Announced during President Obama’s 2014 State of the Union address, myRA accounts were supposed to help low- to middle-income workers save more for retirement. The accounts were tax-free and required only a $25 minimum to open an account.

Sounds great, right? So why did we call it “lame” and “perhaps even insidious”?

It was lame because it really wasn’t at all novel. As we wrote at the time: “The problem with inadequate retirement savings has little to do with a lack of options. Right now, anyone who doesn’t qualify for a 401(k) or 403(b) can open an IRA account, can start with as little as $25, and can invest in safe, guaranteed instruments if that’s what they want. It’s not clear how the president’s proposal would improve on that.”

In fact, existing alternatives to the myRA were superior because they allowed workers to invest in a variety of securities, while the myRA restricted investments to U.S. treasuries. And treasuries are lousy retirement investments.

So, if the myRA didn’t really create an exciting new retirement savings vehicle, why did the Obama administration even bother? That brings us to the “perhaps even insidious” part.

Our antennae are becoming very sensitive to attempts by the federal government to deal with its debt.
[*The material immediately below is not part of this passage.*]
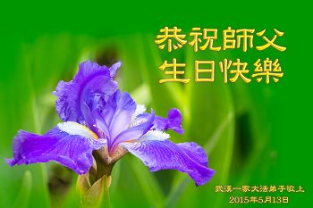 弟子和女儿同修以诚挚纯净的心恭祝慈悲伟大的师尊生日快乐!恭贺法轮大法弘传23周年!在普天同庆的大喜日子里,弟子们叩拜师父!感恩师父的慈悲苦度!师父辛苦了!请师父放心,我们虽说得法迟,但我们会努力精進做好三件事,信师信法,坚定不移的跟着师父圆满回家! 湖南长沙大法弟子叩拜 二零一五年五月六日 湖南长沙一学法小组大法弟子恭贺法轮大法日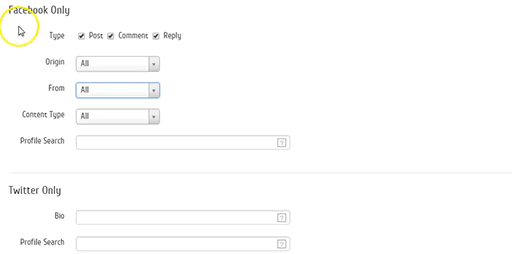 O menu Facebook Only, em Edit Report, permite que você isole a busca por posts, comentários ou replies e concentre-se no monitoramento das interações feitas somente por usuários. Para isto, em todos os relatórios altere o From para User e selecione as opções de Type de acordo com o que você procura.

We don’t believe the federal government is a benign actor, and we don’t believe it always has the best interests of the American people as its central concern. We also suspect that there are forces within the federal government that leer greedily at the over $25 trillion in Americans’ retirement savings.

So we’re skeptical of existing new federal programs that encourage or force Americans to invest in federal debt, and that’s why we saw the myRA as “a way to pawn off new federal debt onto the least sophisticated workers and savers.” We said, “the myRA relies on savers too naïve to open an IRA financing the federal government’s deficit spending.”

With the myRA, Treasury thought it had found a way to finance federal debt without the embarrassment of declining foreign interest in our public debt markets. If China no longer wanted to buy America's debt, Treasury would “nudge” working Americans into buying federal debt disguised as retirement savings.

So, goodbye myRA. But it won’t be the last time the federal government attempts to lure the American people into bailing out Washington’s unrestrained spending.